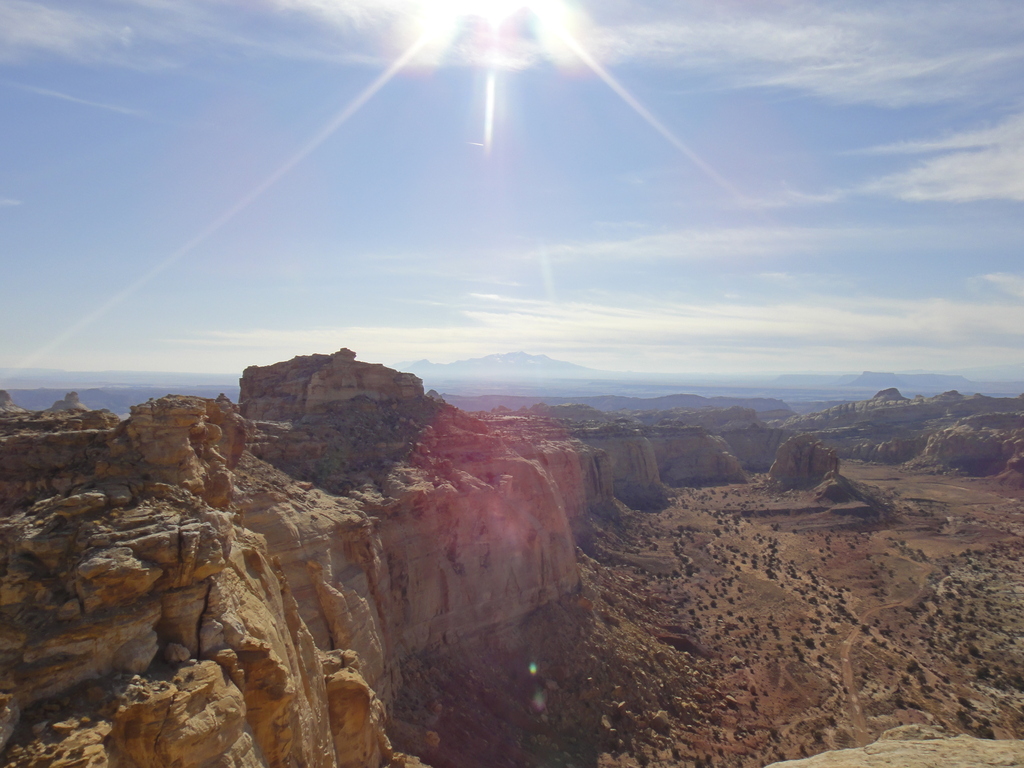 Looking toward the Henry mountains. Ding Dang dome and Factory Butte visible - Chute Buttress
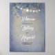 Ramais de árvore e cordas de luzes, rústico e empoeirado sinal de boas-vindas
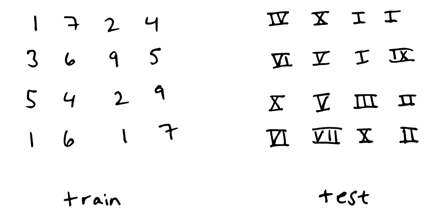 손으로 쓴 숫자 분류 작업에서의 극단적인 분포 변화(특히 공변량 변화/데이터 변화(covariate shift / data shift))의 예시. 분류기는 아라비아 숫자 0–9에 대해 훈련되었으며, 로마 숫자 0–9에 대해 평가. 이는 성능이 극도로 저하될 가능성이 있다
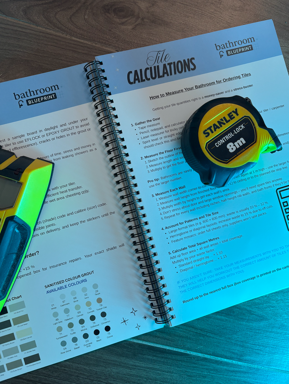 A premium, beautifully bound guide you’ll keep on your benchtop during the entire renovation. Your step-by-step roadmap in your hands, ready when you need it. - Bathroom Blueprint – eBook (Digital Version, Instant Access)
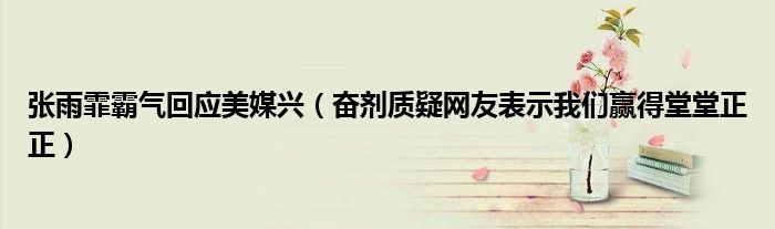大家好,綜合小編來為大家講解下。張雨霏霸氣回應美媒興,奮劑質疑網友表示我們贏得堂堂正正很多人還不知道,現在讓我們一起來看看吧!
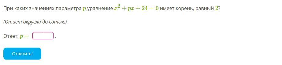 Если уравнение имеет корни, то по теореме ВИета, их произведение равно 24, один корень равен двум, тогда второй 24/2=12, по той же теореме Виета сумма этих корней равна -р, т.е. -р=12+2, откуда р=-14, До сотых 14≈14.00
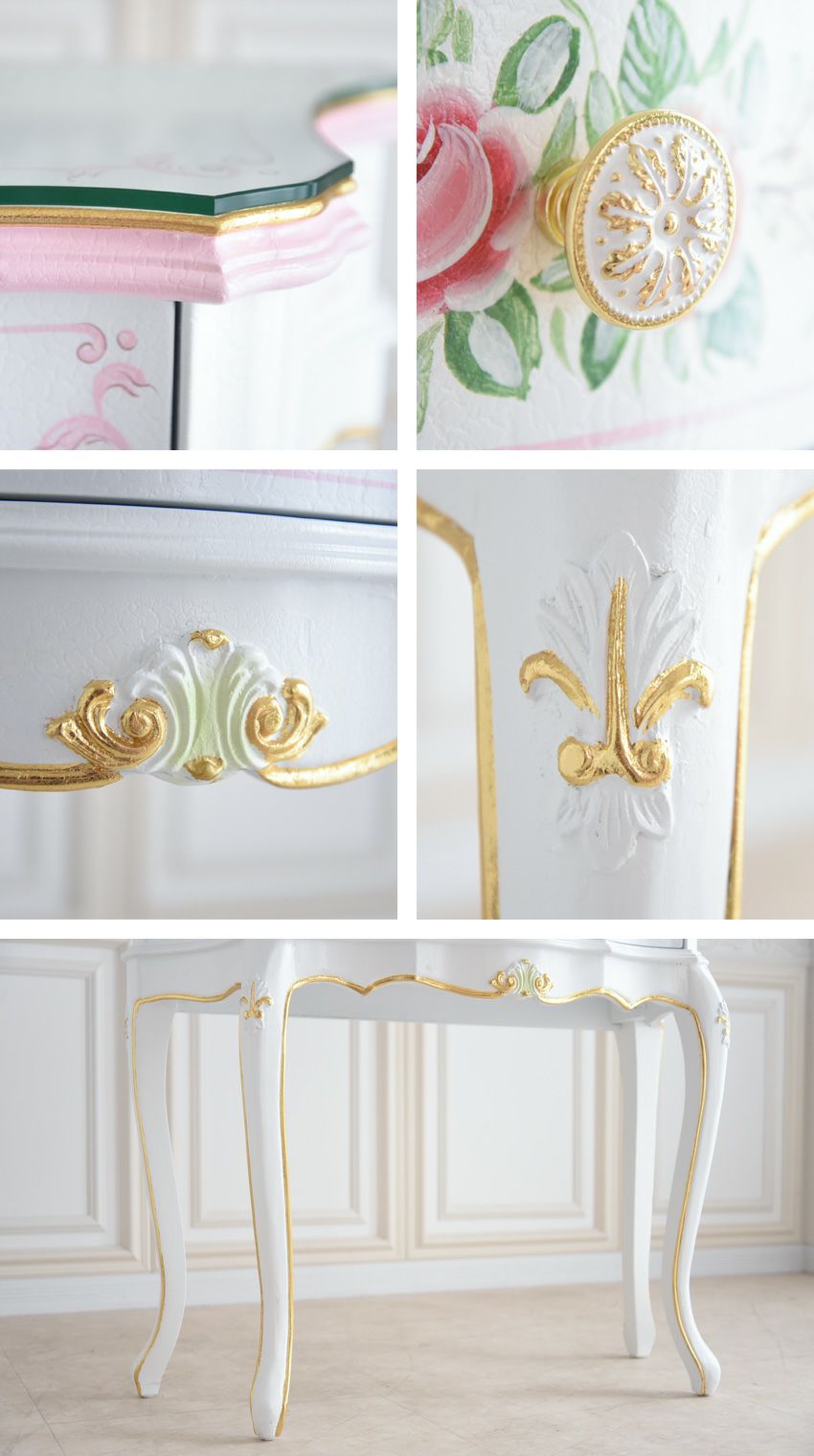 ハンドペイント、彫刻、装飾、ピンクやゴールドの色彩など、ROCOCO調にこだわりぬいて仕上げました。
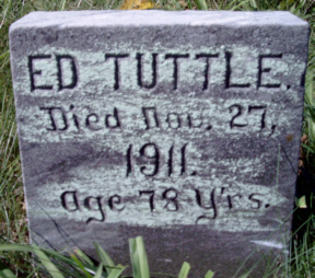 Edward J. Tuttle was the Grand-uncle of George Edward Thurber and he lived with him and his family when the 1910 Census was taken in Loyal, Clark County, Wisconsin. George Thurber's mother, Freelove, was the oldest sister of Edward J. Tuttle. The other siblings were: Henry Benoni (b. 29 Nov 1820 in Freetown, Cortland, NY); Sarah "Sally" Tuttle (b. 20 May 1822 in Freetown, Cortland, NY); Rhoda (b. 14 Nov 1823 in Freetown, Cortland, NY); James (b. 30 Sep 1825 in Freetown, Cortland, NY); William S. (b. 12 Apr 1827 in Freetown, Cortland, NY); Hannah A. (b.17 Oct 1829 in Freetown, Cortland, NY, d. 5 Mar 1883, Allegany, MI); Ruth (b. 26 Sep 1831 in Freetown, Cortland, NY); Lucina (b. 21 Mar 1832 in Freetown, Cortland, NY, d. 2 Jan 1909, Jamestown, Ottawa, MI); Azubah (b. 5 Mar 1836 in Freetown, Cortland, NY, d. 14 Jun 1873, Seattle, WA); Mary Minerva (b. 19 Feb 1838 in Freetown, Cortland, NY); and Solomon Wade (b. 4 Apr 1840 in Freetown, Cortland, NY, d. Australia).
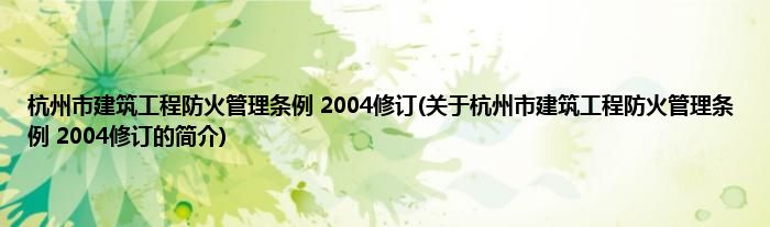 杭州市建筑工程防火管理条例 2004修订(关于杭州市建筑工程防火管理条例 2004修订的简介)
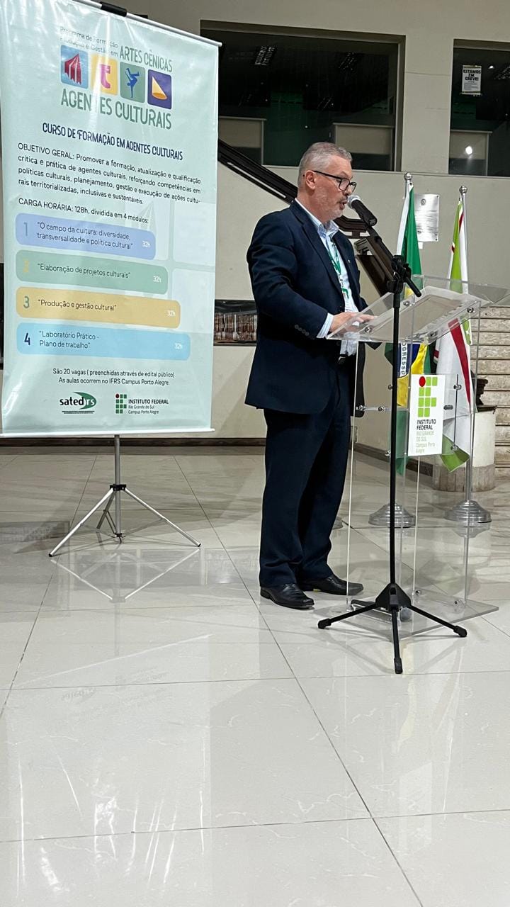 No dia 24 de março, às 19h, o átrio do Campus Porto Alegre foi palco do evento de encerramento do Curso de Formação em Agentes Culturais. A atividade marcou a conclusão da formação e contou com a entrega de certificados aos participantes.
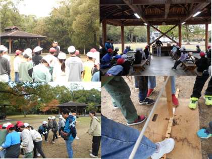 出発式からバズに乗車し、大阪府和泉市にある大阪市立信太山青少年野外活動センターに向かいました。到着後は火起こし体験、カレー作りに入りました。
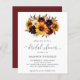 Sunflower budget Bridal Shower Invitation featuring a rustic bouquet with watercolor painted sunflowers, red roses, purple flowers and greenery. An elegant floral design perfect for a boho themed Bridal Shower in the fall / autumn. These cheap bridal shower invitations are printed on sheets of paper for a budget friendly option.
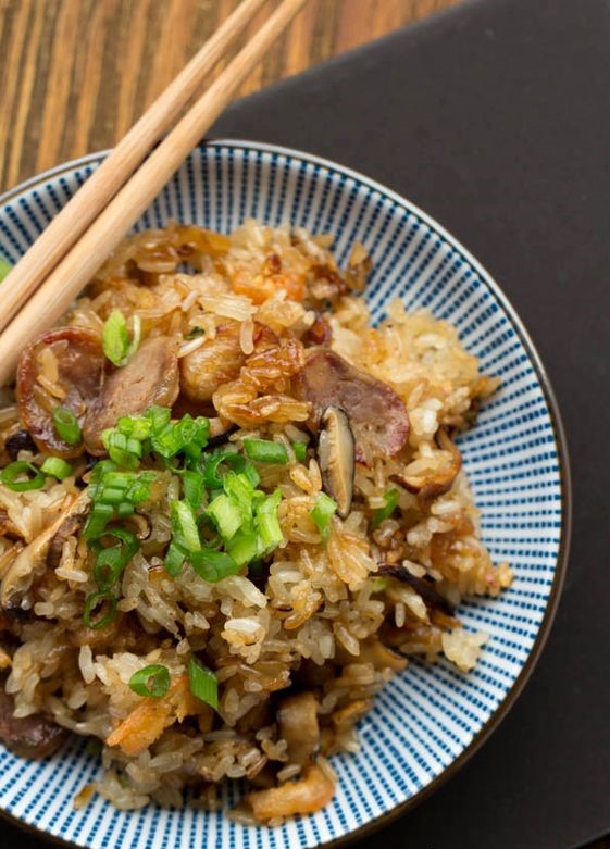 3.準備好材料後,先在飯煲爆香蒜蓉,臘腸粒及蝦乾粒。
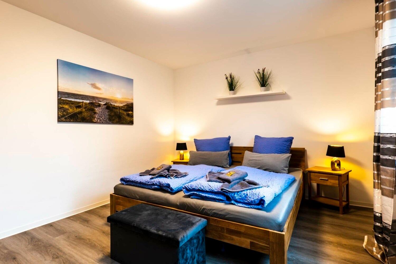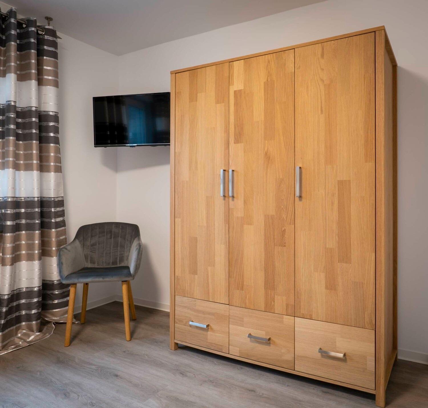 Im Schlafzimmer befindet sich ein Ehebett, Schrank und TV Gerät
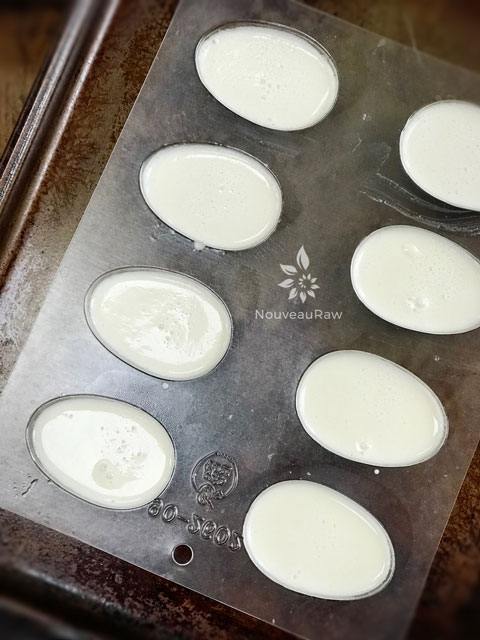 So in my next attempt, I brought the almond milk to a low boil and added the agar and salt to it.  Then poured the mixture straight into the molds.  No small air bubbles.  So, this will be your call on how you want to process the almond milk into the recipe.
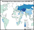 Trong năm 2011 ước tính có khoảng 630.000 ca lao đa kháng thuốc (MDR-TB) trong số 12 triệu ca lao trên toàn thế giới. Trên toàn cầu, 3,7% ca lao mới và 20% các ca được điều trị trước đây ước tính là có MDR-TB, với một sự khác nhau đáng kể trong tần suất của MDR-TB giữa các quốc gia. Lao kháng thuốc rộng khắp ( XDR-TB, được định nghĩa như MDR-TB cộng với sự đề kháng tới bất kỳ fluoroquinolone và bất kỳ thuốc tiêm ưu tiên thứ hai) đã được xác định ở 84 quốc gia trên toàn cầu.
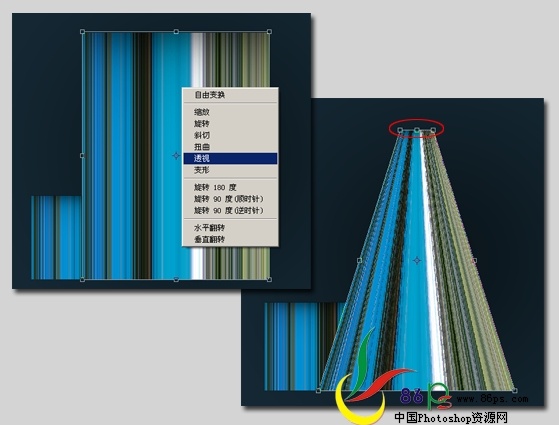 5、現在來創建三維效果。執行ctrl+t點右鍵—透視,點住上面兩角的節點左右平行移動,將它們集在一起,點住
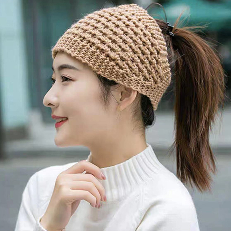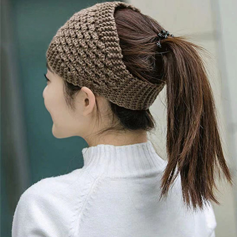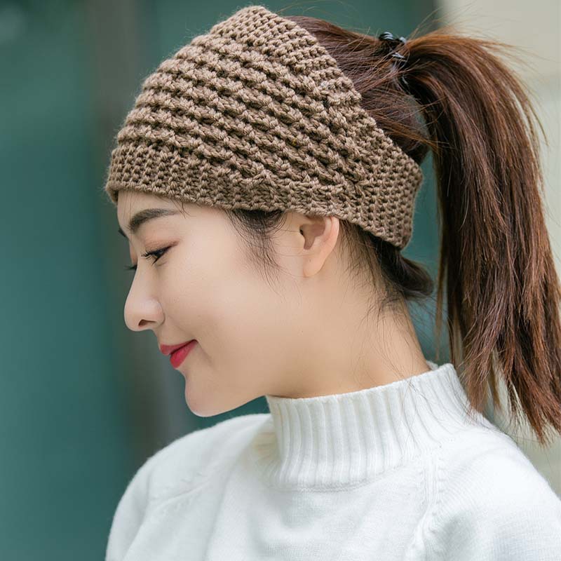 Otoño e Invierno hecho a mano de punto de lana banda de pelo cálido oído protección sombrero de lana banda de pelo de ala ancha accesorios para el cabello para las mujeres
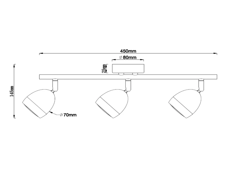 Der Deckenstrahler verfügt über drei GU10 Fassungen und wird inklusive drei LED Leuchtmitteln mit einer Leistung von a´ 3 Watt, 280 Lumen & 3000 Kelvin in Warmweiß geliefert.

┄┄┄┄┄┄

-- WHAT THE TASK REQUIRES --
Because only one stretch of the records is wanted, please output the lines from the one holding "Im Schlafzimmer befindet" through the one holding "So in my next" exactly, both included, and leave every picture out.

-- RESULT --
 Im Schlafzimmer befindet sich ein Ehebett, Schrank und TV Gerät
 So in my next attempt, I brought the almond milk to a low boil and added the agar and salt to it.  Then poured the mixture straight into the molds.  No small air bubbles.  So, this will be your call on how you want to process the almond milk into the recipe.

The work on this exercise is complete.